Живя в конце 1920-х в центре Ленинграда, на Большой Морской, где можно было запросто встретить Заболоцкого, Чапыгина, Хармса, Прокофьева, умудрился превратить квартиру в заонежскую избу с полатями и лежанкой. По стенам поразвесил вышитые деревенские полотенца. В красный угол, само собой, — пристроил древнерусские иконы под скромно теплющейся лампадкой. 

Георгий Иванов, к примеру, вспоминает 10-е питерские годы, шутя, шаржировано. Не без точных деталей:

«— Ну, как устроились в Петербурге?

— Слава тебе, Господи, — отвечает Клюев, — не оставляет Заступница нас, грешных. Сыскал клетушку-комнатушку, много ли нам надо? Заходи, сынок, осчастливь. На Морской, за углом, живу…

Клетушка оказалась номером Отель де Франс, с цельным ковром и широкой турецкой тахтой. Клюев сидел на тахте, при воротничке и галстуке, и читал Гейне в подлиннике.

— Маракую малость по-басурманскому, — заметил он мой удивлённый взгляд. — Только не лежит душа. Наши соловьи голосистей, ох, голосистей…

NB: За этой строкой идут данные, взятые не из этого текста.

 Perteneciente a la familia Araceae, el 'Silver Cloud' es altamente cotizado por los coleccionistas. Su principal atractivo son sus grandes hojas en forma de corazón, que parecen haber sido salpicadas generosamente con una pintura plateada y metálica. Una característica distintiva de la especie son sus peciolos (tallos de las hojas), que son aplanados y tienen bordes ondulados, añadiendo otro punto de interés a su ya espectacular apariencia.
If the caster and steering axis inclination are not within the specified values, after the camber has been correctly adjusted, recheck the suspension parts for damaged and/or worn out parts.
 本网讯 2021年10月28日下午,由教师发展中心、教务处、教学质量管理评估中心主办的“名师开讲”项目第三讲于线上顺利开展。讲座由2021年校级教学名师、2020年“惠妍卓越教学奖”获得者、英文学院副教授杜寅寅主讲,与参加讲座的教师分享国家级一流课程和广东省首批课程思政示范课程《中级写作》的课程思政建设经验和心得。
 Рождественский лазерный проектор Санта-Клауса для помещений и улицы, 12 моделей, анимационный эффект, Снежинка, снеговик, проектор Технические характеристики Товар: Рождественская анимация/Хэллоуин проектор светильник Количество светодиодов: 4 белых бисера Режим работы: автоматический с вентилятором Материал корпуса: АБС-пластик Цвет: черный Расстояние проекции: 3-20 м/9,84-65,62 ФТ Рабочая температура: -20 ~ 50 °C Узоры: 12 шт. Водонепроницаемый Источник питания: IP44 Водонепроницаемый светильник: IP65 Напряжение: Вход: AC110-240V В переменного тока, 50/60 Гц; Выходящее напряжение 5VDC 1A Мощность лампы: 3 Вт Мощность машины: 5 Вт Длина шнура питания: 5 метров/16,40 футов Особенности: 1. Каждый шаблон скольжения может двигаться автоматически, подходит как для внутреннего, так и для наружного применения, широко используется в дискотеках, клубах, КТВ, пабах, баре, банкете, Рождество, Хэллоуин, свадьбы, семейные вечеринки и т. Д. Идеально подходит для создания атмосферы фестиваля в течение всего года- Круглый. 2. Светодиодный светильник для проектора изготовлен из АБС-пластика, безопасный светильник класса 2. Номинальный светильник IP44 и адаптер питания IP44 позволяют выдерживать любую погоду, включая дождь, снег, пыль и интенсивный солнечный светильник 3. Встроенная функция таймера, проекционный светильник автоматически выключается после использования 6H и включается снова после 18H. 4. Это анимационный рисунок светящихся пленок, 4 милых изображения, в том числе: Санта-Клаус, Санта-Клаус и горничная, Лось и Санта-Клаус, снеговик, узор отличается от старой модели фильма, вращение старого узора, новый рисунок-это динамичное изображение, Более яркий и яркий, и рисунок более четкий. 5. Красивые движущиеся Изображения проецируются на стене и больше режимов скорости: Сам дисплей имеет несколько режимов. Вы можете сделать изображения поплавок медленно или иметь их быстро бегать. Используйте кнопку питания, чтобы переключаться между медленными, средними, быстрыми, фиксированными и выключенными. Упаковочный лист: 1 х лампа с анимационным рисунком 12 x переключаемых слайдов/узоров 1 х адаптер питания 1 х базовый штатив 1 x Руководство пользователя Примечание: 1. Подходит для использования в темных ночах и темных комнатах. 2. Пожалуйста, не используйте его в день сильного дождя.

— Да что ж это я, — взволновался он, — дорогого гостя как принимаю. Садись, сынок, садись, голубь. Чем угощать прикажешь? Чаю не пью, табаку не курю, пряника медового не припас. А то, — он подмигнул, — если не торопишься, может пополудничаем вместе. Есть тут один трактирчик. Хозяин хороший человек, хоть и француз. Тут за углом. Альбертом зовут.

Я не торопился.

— Ну, вот и ладно, ну, вот и чудесно — сейчас обряжусь…

— Зачем же вам переодеваться?

— Что ты, что ты — разве можно? Собаки засмеют. Обожди минутку — я духом.

Из-за ширмы он вышел в поддёвке, смазных сапогах и малиновой рубашке:

— Ну вот — так-то лучше!..»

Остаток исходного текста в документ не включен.